Data excerpts
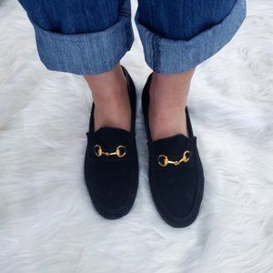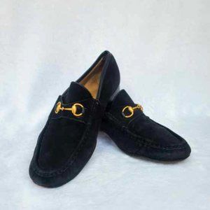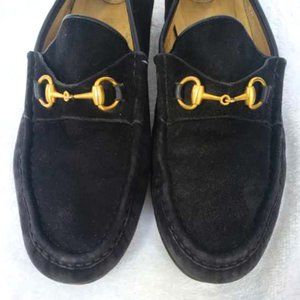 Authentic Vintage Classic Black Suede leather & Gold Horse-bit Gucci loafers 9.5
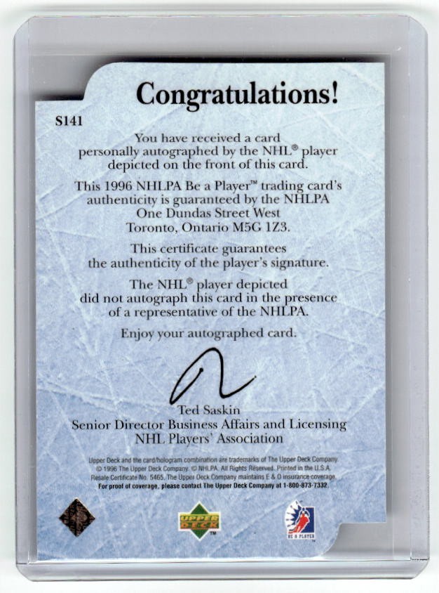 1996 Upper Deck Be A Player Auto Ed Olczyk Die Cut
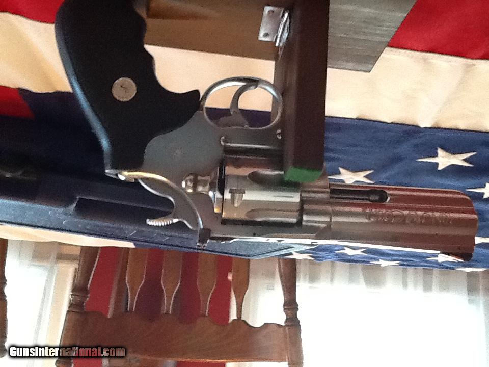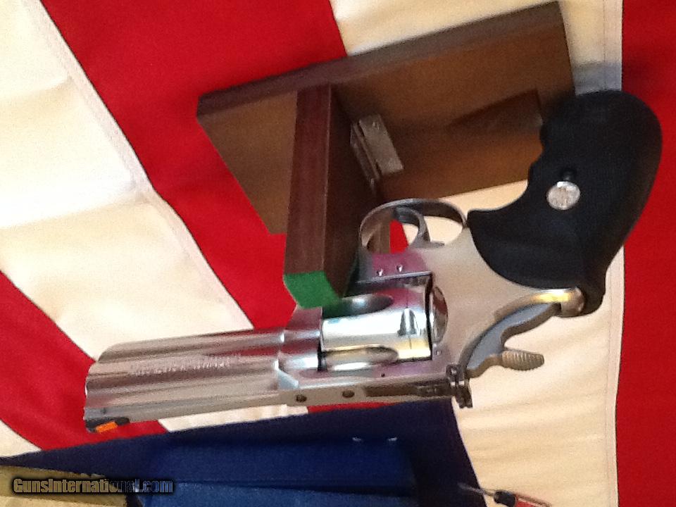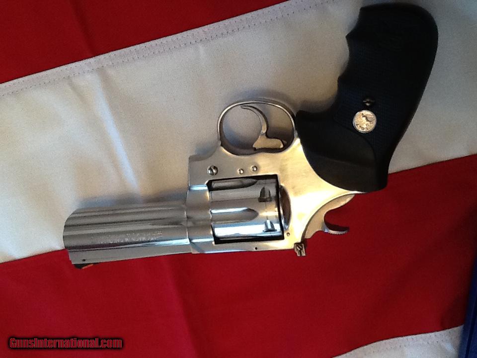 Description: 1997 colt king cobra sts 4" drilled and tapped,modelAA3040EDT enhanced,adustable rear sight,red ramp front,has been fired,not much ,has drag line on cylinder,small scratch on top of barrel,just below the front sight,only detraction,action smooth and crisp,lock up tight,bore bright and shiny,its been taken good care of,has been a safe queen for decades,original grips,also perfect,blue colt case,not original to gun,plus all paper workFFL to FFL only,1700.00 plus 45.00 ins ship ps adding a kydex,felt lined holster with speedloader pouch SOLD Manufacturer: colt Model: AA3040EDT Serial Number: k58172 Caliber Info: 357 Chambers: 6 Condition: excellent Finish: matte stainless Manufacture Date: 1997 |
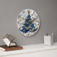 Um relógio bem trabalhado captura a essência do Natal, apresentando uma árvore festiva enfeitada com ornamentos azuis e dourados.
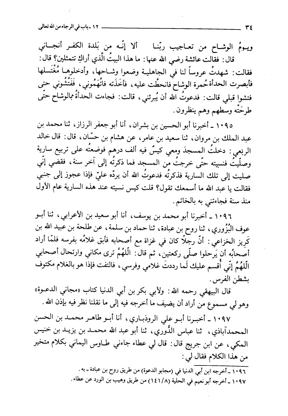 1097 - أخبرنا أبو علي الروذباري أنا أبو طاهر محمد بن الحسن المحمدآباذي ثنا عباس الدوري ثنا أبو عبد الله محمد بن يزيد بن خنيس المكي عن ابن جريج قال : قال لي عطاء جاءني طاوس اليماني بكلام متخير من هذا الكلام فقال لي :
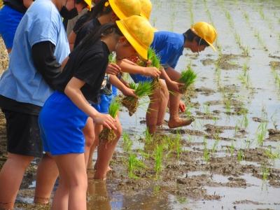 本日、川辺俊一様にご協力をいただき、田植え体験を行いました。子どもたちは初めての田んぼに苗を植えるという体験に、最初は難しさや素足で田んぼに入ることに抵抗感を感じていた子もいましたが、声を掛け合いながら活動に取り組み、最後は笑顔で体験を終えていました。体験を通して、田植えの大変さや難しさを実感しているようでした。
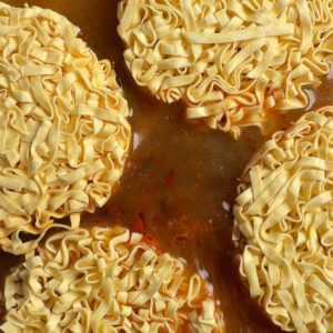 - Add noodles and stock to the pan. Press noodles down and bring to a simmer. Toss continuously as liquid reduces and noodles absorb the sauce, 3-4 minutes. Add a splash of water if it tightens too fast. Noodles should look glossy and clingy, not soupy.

→ **What the task requires**
Would you copy the lines above exactly, starting with the one that has "Um relógio bem" and ending with the one that has "1097 - أخبرنا", both included, without the pictures?

→ **Answer below**
 Um relógio bem trabalhado captura a essência do Natal, apresentando uma árvore festiva enfeitada com ornamentos azuis e dourados.
 1097 - أخبرنا أبو علي الروذباري أنا أبو طاهر محمد بن الحسن المحمدآباذي ثنا عباس الدوري ثنا أبو عبد الله محمد بن يزيد بن خنيس المكي عن ابن جريج قال : قال لي عطاء جاءني طاوس اليماني بكلام متخير من هذا الكلام فقال لي :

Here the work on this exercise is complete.